Mark and then Jim, a bit older and the technical chief contractor, went on the roof and looked down my so-called furnace vent.  It was rotted out and so was the vent for the hot water heater.  They called in a plumber from Bain who tells me my gas floor furnace — beloved by cats — is beyond repair and my gas hot water heater is out of code.  They both had to be shut off.  But now I feel as though I were recovering from a case of flu I I had all winter.  It was a case of "flue", I guess.  I have no heat but small electric heaters and no hot water except what I heat on the stove which luckily is electric.  

I’d asked a previous plumber to look at the vent systems and he said they were okay, so I didn’t think about that anymore.  Probably I’ve been gassed all winter and even flirting with death from carbon monoxide.  My health improved when it was warm enough to open doors and windows and even now I can feel the difference from the pilot lights being shut off.

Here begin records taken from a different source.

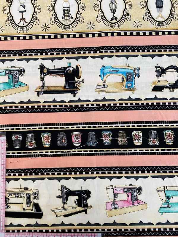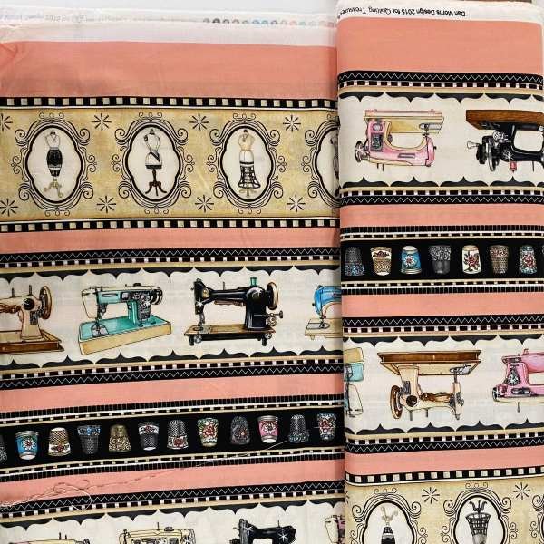 Dibujos estampados en cenefas con elementos de costuras: maniquies, máquinas de coser, dedales. La estampación va a lo largo del tejido, no a lo ancho.
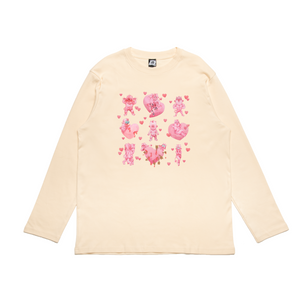 "Happy Holislay" Cut and Sew Wide-body Long Sleeved Tee Beige/Salmon Pink
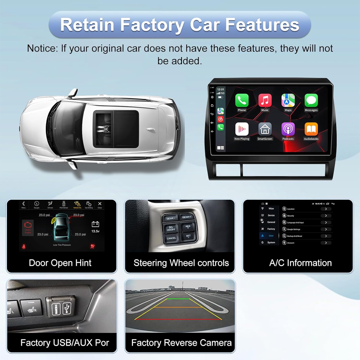 【Perfect Fit for Toyota Tacoma 】Our Car Stereo is designed specifically for Toyota Tacoma 2005 2006 2007 2008 2009 2010 2011 2012 2013 2014 2015. It comes with a comprehensive plug-and-play kit that includes all necessary components for installation.It even retains the factory steering wheel controls, reverse camera, and factory antenna adapter.
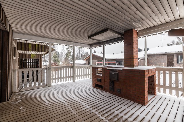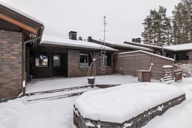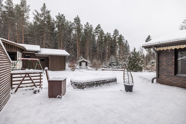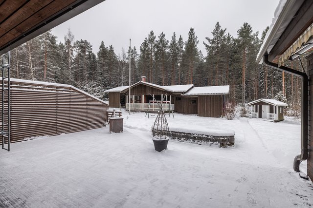 - Autotalli 25m2. Lisäksi erillinen talousrakennus (v.-91), kokonaisalaltaan 122m2, jossa yhteiset taloyhtiön varastotila, pihakeittiö/savustus/grillikatos sekä huoneistokohtaiset pyykinkuivauskatos, polttopuuvarasto ja kylmä varastotila
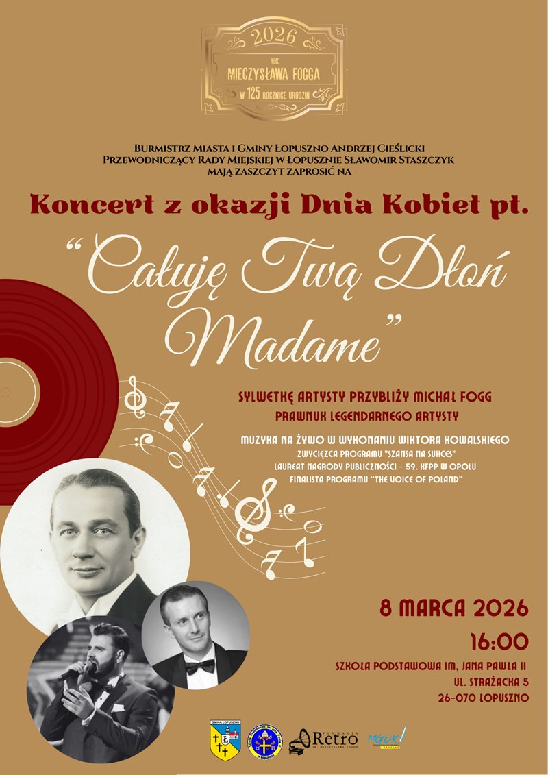 mają zaszczyt zaprosić na wyjątkowy koncert z okazji Dnia Kobiet pt. „Całuję Twoją Dłoń Madame”.
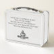 This is a standard metal lunchbox that appears to work just fine. We designed this box ourselves with an uploaded photo and custom text on the front and back. It looks absolutely beautiful except the front of the lunchbox is not centered like it shows in the photo. The print borders don't align with the inset flat part of the box where the preview photo online showed it perfectly centered in there. The back looks nice and centered though.
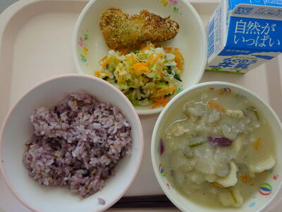 今日の給食は、食育の日「ふるさとくまさんデー」は、「山鹿地方の味」でした。山鹿地方は、栗、お茶、赤米、アスパラガスなどの野菜が栽培されています。

One of the aspects of the urbanization of the population is that so few even know how things work.  In cities it all tends to be a mystery, esp since so many householders are single females, maybe with children.  It was a mistake to think that only men should know about houses and another mistake not to teach the basics of “this old house” in high school.

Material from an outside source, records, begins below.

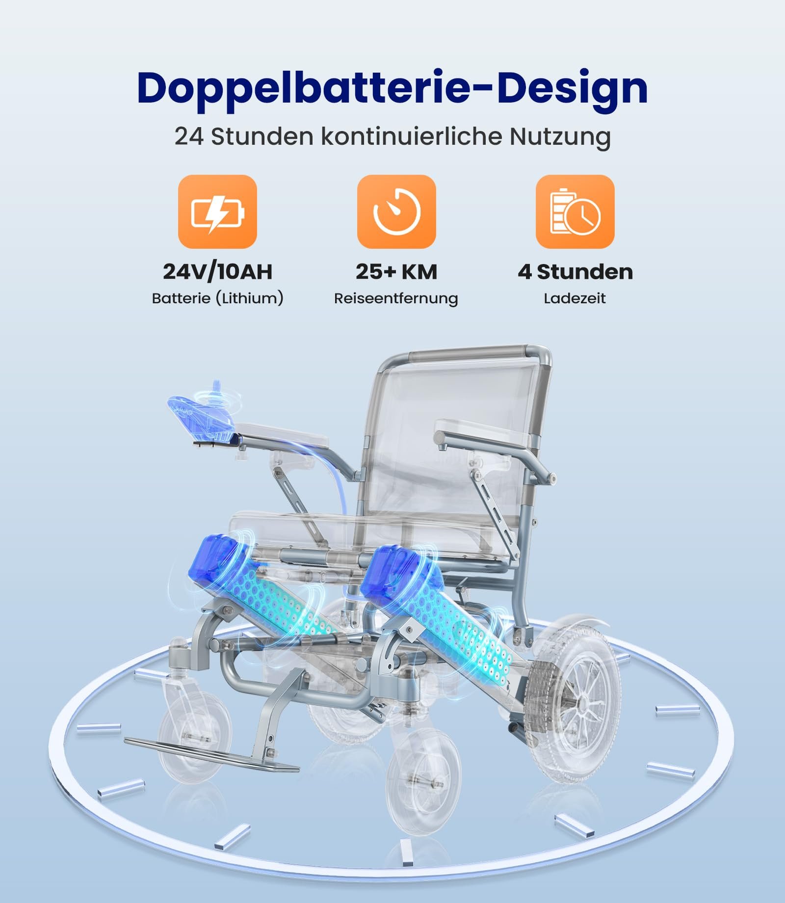 VOCIC V62 Elektrorollstuhl faltbar, Dual‑Akku 2×24V/10Ah, bis 25 km, 500W bürstenlos, 25 kg, Tragkraft bis 136 kg, 3‑Sek.-Faltung, Mondlichtsilber
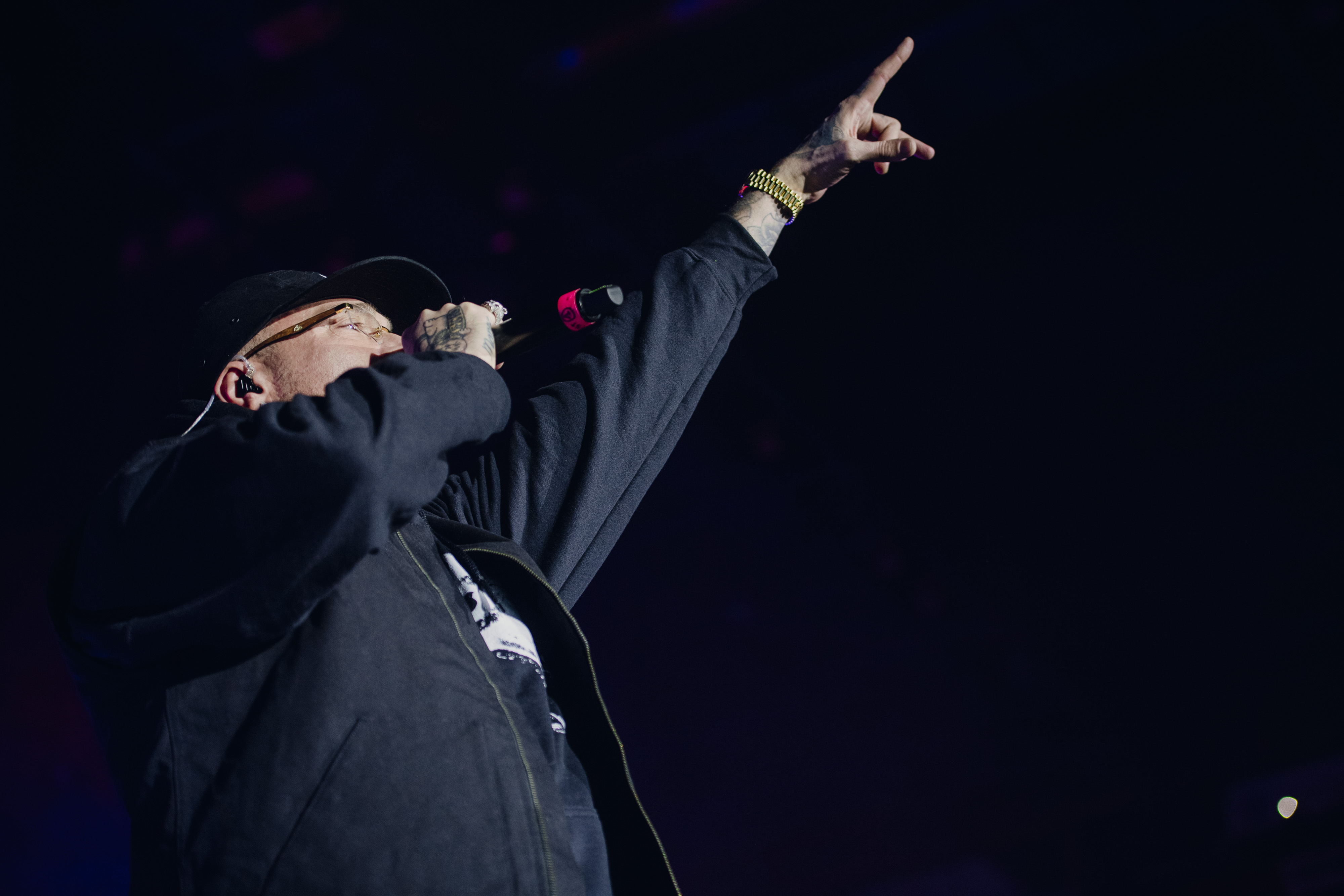 Un concerto come le grandi produzioni. Non c’era una band ma il dj con le basi anche se in una parte del set ha suonato con una vera e propria band i 72 Hours Post Fight e in altre canzoni c’erano le chitarre e addirittura il sax a contorno delle sue barre.
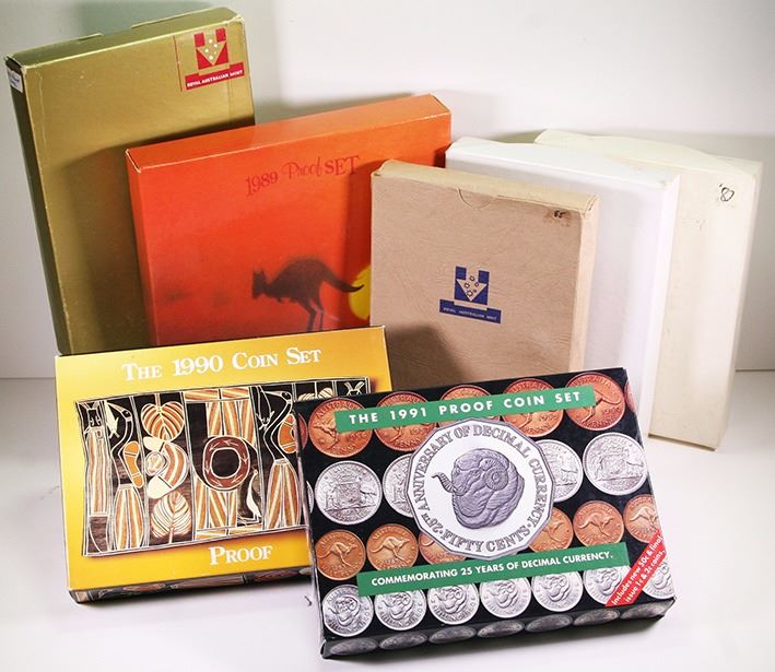 Australia, proof sets, 1985, 1986, 1987, 1988, 1989, 1990, the first box a little creased else nice clean sets (6 sets)
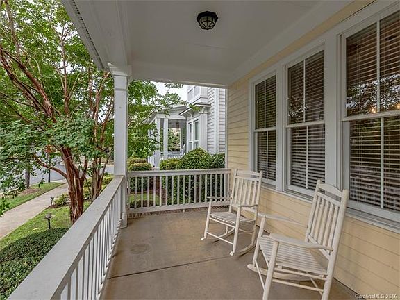Relax on your rocking chair front porch in highly sought after Blakeney Greens neighborhood. Quality construction by Saussy Burbank. Hardwood floors, high ceilings & beautiful moldings throughout. KT has 42" cabinets, granite countertops & tile backsplash. Raised vanity in MBath. 2" blinds. Rear patio. 2 car detached garage w/storage above. Exterior painted 2014. Walking distance to Blakeney Shopping Center-shops. restuarants, grocery. Neighborhood pool. Walking trail at rear of neighborhood.
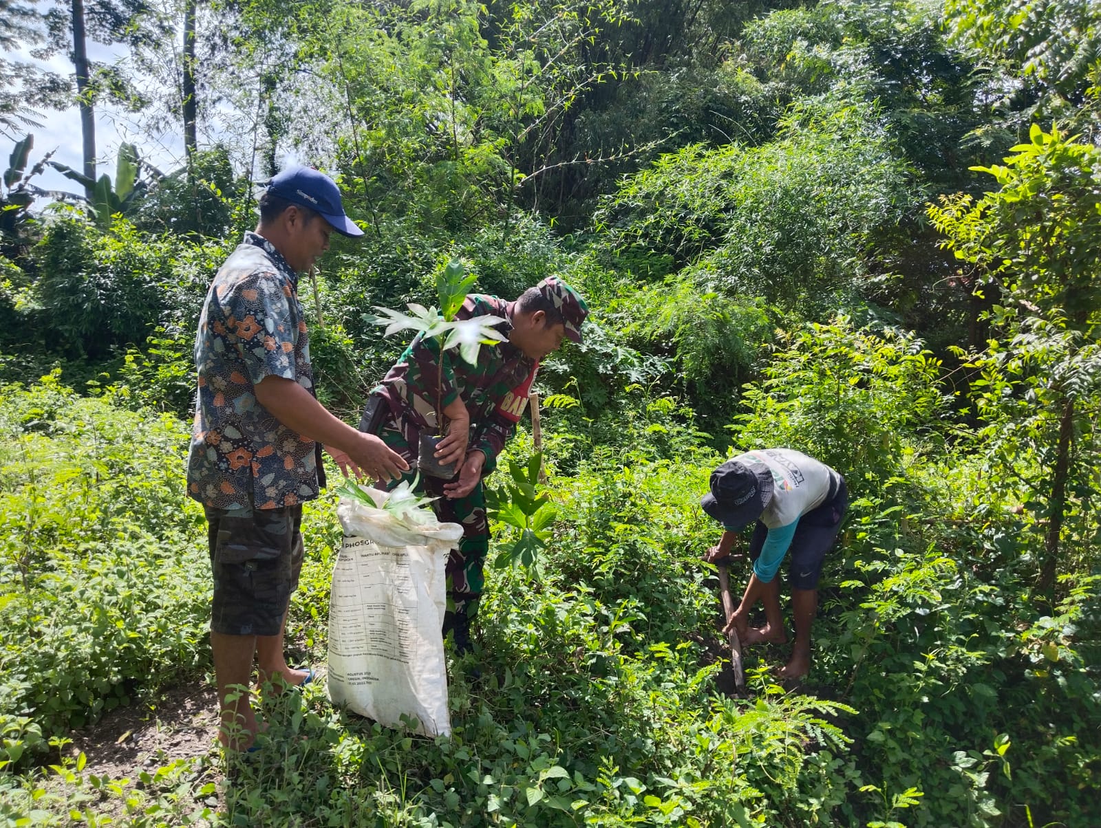 Hijaukan Lahan Desa, Babinsa Kebonsari Dampingi Warga Tanam Pohon Sukun

Not every workman has high standards and good manners.  A few have been patronizing and most are dismayed by my scuzzy housekeeping.  In this town people survive as clusters who help each other.  The solitaries are usually old men who just neglect everything.  Like me.  All I care about is writing and I let everything else crash.  When the world reaches a stable “new normal,” I may be able to sell writing.  In the meantime, now that I’m not breathing fumes all day and night, my energy level is rising.

But I will never reach the drive and dexterity, the persistence and balance of my roofer.  I NEED men like him to keep my house from collapsing.  But in a civilization that is also collapsing — and he’s keenly aware of that — we’re all worried.  As for Jim, he went elk hunting close to where Bob and I used to hunt on horseback west of Augusta.  More dangerous than roofing!

The rest of the story is that on Sunday morning when half the roof was shingled but the other half didn’t have the plastic sheeting yet, Mark was in Great Falls and didn’t know when it began to rain.  Jim knew and came at once early on Sunday morning to get the sheeting in place.  By the time he had finished, the rain stopped!  This is the world of men like Jim who keep their promises and protect their customers.  No cute name for his company, no girl in an office, just a guy who has a good reputation in small towns that watch everything.